--- ABOUT THIS EXERCISE ---
Beginning with the line that contains "- Calculating transition" in the material below, print each line exactly until the line that contains "Am Samstag zeigt" has been printed, then stop.

--- INPUT MATERIAL ---

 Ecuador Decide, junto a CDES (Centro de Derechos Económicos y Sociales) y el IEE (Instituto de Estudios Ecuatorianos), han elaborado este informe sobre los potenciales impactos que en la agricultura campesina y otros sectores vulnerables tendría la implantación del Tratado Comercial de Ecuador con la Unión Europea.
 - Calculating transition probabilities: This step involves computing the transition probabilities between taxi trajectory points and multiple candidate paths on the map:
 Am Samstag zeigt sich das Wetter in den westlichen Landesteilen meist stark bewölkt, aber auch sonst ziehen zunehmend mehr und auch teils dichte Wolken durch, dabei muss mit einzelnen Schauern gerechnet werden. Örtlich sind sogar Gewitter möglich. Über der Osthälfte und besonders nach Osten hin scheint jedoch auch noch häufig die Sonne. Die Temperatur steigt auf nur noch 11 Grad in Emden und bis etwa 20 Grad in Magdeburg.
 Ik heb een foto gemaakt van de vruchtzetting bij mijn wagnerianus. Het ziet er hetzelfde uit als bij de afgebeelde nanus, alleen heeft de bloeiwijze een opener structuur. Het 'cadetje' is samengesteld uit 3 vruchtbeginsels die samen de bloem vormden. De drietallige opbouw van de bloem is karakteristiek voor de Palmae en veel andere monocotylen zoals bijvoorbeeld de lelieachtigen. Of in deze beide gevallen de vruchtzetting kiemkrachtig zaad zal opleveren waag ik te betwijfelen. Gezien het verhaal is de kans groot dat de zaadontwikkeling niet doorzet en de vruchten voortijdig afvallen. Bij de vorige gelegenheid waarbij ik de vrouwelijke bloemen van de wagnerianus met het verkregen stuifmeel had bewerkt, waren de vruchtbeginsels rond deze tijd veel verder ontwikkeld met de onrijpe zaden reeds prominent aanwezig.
...
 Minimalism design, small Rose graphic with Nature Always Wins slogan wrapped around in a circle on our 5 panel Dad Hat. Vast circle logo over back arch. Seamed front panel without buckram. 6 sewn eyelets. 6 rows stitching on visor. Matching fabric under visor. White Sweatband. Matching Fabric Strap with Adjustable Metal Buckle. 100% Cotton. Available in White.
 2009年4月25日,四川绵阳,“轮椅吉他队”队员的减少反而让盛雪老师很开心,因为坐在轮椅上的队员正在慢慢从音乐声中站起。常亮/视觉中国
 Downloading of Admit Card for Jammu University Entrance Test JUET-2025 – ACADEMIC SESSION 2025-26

--- RESPONSE AREA ---
 - Calculating transition probabilities: This step involves computing the transition probabilities between taxi trajectory points and multiple candidate paths on the map:
 Am Samstag zeigt sich das Wetter in den westlichen Landesteilen meist stark bewölkt, aber auch sonst ziehen zunehmend mehr und auch teils dichte Wolken durch, dabei muss mit einzelnen Schauern gerechnet werden. Örtlich sind sogar Gewitter möglich. Über der Osthälfte und besonders nach Osten hin scheint jedoch auch noch häufig die Sonne. Die Temperatur steigt auf nur noch 11 Grad in Emden und bis etwa 20 Grad in Magdeburg.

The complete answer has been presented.